We all know someone who would rather cry and complain rather than doing something about their situation. People with victim complexes have a tendency to victimize themselves in order to gain sympathy. They wallow in self-doubt and negative self-talk rather than taking matters into hand and fixing it.
The foundation of Victim complexity is built around three core beliefs. They are:
- You are destined to experience bad things
- These bad things that are happening are occurring because of a situation or a person
- There is really no point in trying to change these negative events since they are destined to happen and any efforts to prevent, change, or avoid are of no value.
This condition is a learned behavior that people can unlearn with some effort and self-determination. There are some character traits that are seen in people with a victim complex. Here are some of the signs of victim complex:
1. Giving up easily
People with a victim complex will find any reason why it’s not going to work out and make excuses before starting the project. They tend to give up easily without taking action. Giving up is easier than trying to think of solutions to a problem at hand. There’s no fun putting effort into something you are confident won’t work out
This is a fairly important sign of victim complex. They don’t believe in themselves and so they don’t follow through with the amazing ideas that come to their mind. They tend to put it off, make excuses, find an escape or a way around it, rather than live life. Self-doubt also becomes inevitable by thinking things like “I’m not smart enough for that job”, “they won’t like me the way I am” or “I am not that talented to succeed.”
3. Letting others take control of their life
They let others dictate how to live their life because they feel that others know more than their own lives. Taking life decisions based on someone else’s opinion is letting others control their life. This way they do not take responsibility when things go wrong and blame others for the mess.
4. Negative self-talk and Self-sabotaging life decisions
They are an extreme internal critic. That is why they tend to make self-sabotaging life decisions.

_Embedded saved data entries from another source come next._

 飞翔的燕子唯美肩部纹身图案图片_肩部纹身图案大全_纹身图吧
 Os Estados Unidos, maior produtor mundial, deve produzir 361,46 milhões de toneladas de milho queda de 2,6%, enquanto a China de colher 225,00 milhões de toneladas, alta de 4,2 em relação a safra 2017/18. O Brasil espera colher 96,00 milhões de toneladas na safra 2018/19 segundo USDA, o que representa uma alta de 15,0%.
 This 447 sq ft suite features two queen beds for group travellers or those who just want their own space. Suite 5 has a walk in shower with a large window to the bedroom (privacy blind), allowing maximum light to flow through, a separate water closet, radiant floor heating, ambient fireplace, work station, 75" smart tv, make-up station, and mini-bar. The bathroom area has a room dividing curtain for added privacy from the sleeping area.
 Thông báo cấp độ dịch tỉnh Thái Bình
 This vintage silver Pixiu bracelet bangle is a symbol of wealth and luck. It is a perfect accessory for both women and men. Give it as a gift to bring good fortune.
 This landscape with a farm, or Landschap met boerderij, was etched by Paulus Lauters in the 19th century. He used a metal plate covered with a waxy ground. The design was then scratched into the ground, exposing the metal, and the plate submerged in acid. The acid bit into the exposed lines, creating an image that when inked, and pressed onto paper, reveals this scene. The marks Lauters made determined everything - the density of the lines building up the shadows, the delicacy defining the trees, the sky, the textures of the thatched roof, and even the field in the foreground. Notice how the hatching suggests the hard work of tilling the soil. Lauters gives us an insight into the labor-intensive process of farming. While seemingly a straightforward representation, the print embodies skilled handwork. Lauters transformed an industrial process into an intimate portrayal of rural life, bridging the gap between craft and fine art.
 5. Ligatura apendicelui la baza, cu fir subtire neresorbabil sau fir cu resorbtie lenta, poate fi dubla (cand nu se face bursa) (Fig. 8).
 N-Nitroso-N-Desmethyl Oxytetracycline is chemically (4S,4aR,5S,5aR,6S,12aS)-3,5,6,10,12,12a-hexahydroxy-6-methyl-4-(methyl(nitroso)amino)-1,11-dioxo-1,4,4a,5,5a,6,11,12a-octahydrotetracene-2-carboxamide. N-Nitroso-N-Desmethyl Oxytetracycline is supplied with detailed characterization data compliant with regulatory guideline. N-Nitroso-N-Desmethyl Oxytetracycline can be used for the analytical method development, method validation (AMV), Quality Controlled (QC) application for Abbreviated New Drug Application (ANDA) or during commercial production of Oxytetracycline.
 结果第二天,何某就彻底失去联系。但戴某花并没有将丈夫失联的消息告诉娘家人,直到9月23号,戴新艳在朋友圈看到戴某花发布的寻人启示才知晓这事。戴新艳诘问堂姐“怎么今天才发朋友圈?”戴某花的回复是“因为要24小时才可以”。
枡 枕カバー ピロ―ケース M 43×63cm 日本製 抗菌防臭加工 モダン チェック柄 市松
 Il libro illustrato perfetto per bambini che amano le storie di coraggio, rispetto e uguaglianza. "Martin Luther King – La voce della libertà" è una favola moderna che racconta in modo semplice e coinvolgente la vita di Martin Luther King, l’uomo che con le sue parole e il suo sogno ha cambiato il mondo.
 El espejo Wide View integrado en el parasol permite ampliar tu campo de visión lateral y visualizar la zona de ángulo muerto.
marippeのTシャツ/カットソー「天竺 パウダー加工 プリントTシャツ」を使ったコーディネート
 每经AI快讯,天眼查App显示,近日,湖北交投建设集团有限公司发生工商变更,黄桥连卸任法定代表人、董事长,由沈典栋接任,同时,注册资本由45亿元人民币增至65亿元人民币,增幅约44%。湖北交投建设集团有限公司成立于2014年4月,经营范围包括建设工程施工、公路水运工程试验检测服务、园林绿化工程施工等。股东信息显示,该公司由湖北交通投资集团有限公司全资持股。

This makes them continue to be in a state of “not being good enough”. They continue to engage in negative self-talk such as “everything bad happens to me”, “I can’t really do anything about it, so why bother?”, or “no one cares about me”. Negative self-talk can damage a person’s ability to be resilient that makes it harder to bounce back from life challenges and heal.
5. Trying to please everyone at the cost of yourself
They run around trying to please everyone even when the cost is themselves. They want to hit a crisis so that they can be rescued. This then becomes everyone else’s fault because they were busy paying attention to others instead of themselves. They place blame on others for not meeting their demands. This is one of the most important signs of victim complex.
6. Being bitter and resentful for not living life
Due to their constant fear of being alone, they end up trying to please everyone else but them. Their primary focus is on pleasing other people instead of themselves. When everything falls apart, they end up feeling bitter and resentful and not in control of their lives. The ultimate sign of victim complex is relying on others to keep them happy instead of fulfilling their own unique selves.